The Galaxy platform enables researchers to easily re-run another’s analysis as well as share data, making it an excellent collaborative tool, Dr. Goecks said.

The second area of Dr. Goecks’ research is in cancer genomics, discovering what gene mutations are causing a cell to become a cancer and tying those variations to drugs for treatment.

“Now that there are large cancer gene variant databases available, we might be able to say, ‘These mutations have been seen before, and we know these drugs act on these mutations,’” he said.

With that knowledge, it might be possible to sequence a cancer patient’s genes and run it through the Galaxy pipeline, which would target a potential drug for the patient. Dr. Goecks admits that the system is “very cautious,” as targeting a single drug for cancer treatment is not always effective.

While Dr. Alekseyev and Dr. Goecks are computer programmers, CBI faculty members Taylor Maxwell and Marcos Perez-Losada, both research professors of computational biology, are bioinformaticians, who use the software written by programmers to analyze state-of-the-art data sets.

Dr.
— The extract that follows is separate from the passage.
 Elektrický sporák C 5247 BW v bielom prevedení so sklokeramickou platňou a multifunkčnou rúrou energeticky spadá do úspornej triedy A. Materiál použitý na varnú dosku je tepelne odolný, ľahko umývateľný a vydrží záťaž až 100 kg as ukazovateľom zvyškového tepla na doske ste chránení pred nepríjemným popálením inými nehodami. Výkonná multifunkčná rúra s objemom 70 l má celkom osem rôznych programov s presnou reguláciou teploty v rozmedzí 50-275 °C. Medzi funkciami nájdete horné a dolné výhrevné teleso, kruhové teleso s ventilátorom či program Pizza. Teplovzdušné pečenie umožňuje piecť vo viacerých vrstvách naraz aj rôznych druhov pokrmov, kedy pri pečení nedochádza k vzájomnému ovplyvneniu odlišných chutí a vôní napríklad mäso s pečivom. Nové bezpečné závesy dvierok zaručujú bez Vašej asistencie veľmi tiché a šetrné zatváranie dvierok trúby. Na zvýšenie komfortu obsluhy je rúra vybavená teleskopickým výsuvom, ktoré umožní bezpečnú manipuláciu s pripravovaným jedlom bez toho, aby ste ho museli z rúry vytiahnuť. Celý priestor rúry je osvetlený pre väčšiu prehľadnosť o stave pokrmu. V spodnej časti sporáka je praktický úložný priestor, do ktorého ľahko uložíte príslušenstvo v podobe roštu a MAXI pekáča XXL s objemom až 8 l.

Maxwell’s background is in evolutionary biology and population genetics, with a research focus in human statistical genetics. He observes gene-by-gene interactions, looking at how a specific location of a gene or DNA sequence affects the relationship between known risk factors and disease, such as coronary heart disease and Alzheimer's.
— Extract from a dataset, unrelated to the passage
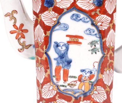 Teekanne Wohl Japan 20. Jh. Porzellan, polychrom gefasst und goldstaffiert. Quadratische Kanne mit abgeflachten Ecken. Dekor im Imari Stil mit je einer Vignette pro Seite. Boden unglasiert. Größe ca. 18 x 8 cm, Höhe ca. 19 cm. Teils berieben.

Dr. Perez-Losada’s research interests are in biodiversity informatics and infectious diseases. By studying the genetic diversity and molecular dynamics of gonorrhea and HIV, Dr. Perez-Losada has been able to suggest better control and prevention strategies for these diseases.

The complementary skill sets of each of the researchers will benefit one another, said Dr. Maxwell.
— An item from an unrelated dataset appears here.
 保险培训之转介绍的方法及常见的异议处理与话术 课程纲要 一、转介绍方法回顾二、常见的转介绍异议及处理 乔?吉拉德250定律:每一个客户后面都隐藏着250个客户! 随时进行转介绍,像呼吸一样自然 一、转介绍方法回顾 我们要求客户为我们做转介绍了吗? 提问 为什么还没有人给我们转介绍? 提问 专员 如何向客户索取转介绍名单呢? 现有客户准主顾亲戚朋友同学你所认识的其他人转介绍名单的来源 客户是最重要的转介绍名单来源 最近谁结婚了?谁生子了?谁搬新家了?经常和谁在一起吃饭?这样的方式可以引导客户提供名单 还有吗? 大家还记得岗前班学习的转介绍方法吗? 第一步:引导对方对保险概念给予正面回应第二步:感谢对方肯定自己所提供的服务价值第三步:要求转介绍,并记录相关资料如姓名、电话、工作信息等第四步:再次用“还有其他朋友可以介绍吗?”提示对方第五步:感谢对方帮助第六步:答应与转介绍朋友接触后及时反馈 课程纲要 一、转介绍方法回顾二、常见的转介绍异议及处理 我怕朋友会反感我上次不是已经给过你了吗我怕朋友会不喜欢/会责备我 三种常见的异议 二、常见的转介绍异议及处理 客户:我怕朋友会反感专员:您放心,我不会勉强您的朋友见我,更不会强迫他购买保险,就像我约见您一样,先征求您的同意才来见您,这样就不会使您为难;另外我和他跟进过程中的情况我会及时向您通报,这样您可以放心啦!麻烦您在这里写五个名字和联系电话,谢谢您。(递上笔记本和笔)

“The Galaxy resource that Dr. Goecks has developed, for example, is very suitable for all of us in the CBI, as we struggle to deal with all of the empirical sequence data coming down the line,” he said. “Dr. Goecks’ work will help us establish a system to manage, process and do standard analyses.”

In turn, the data will help Dr. Goecks determine what directions he may want to take Galaxy and may provide access to data for other questions of interest, Dr. Maxwell added.

With such close proximity to Washington, D.C., the CBI has developed a number of partnerships with organizations such as the National Museum of Natural History, the National Zoo and the National Institutes of Health, to name a few.

In collaboration with the Children’s National Medical Center, the CBI is working on a research study to better understand the causes of asthma in children. The CBI is also working with the D.C. Developmental Center for AIDS Research, attempting to unlock new secrets in personalized medicine based on individual genetics and biomarkers, as Washington, D.C., has the highest rate of HIV infection in the nation.

Additionally, the institute has partnered with the U.S. Fish and Wildlife Service, along with schools and departments within GW, including the School of Medicine and Health Sciences, the Milken Institute School of Public Health and the School of Engineering and Applied Science.

Dr. Crandall said the CBI is breaking down the silos between academic disciplines, and bringing many different voices to the table, which in turn, will lead to better science. The CBI will serve as a model for future initiatives at GW, such as the forthcoming Genomics Institute, said Vice President for Research Leo Chalupa.

“The team Dr. Crandall has put together is stellar, and the CBI is evolving exactly as we had hoped," Dr. Chalupa said. "I am excited to use this model for institutional initiatives and institutes moving forward.”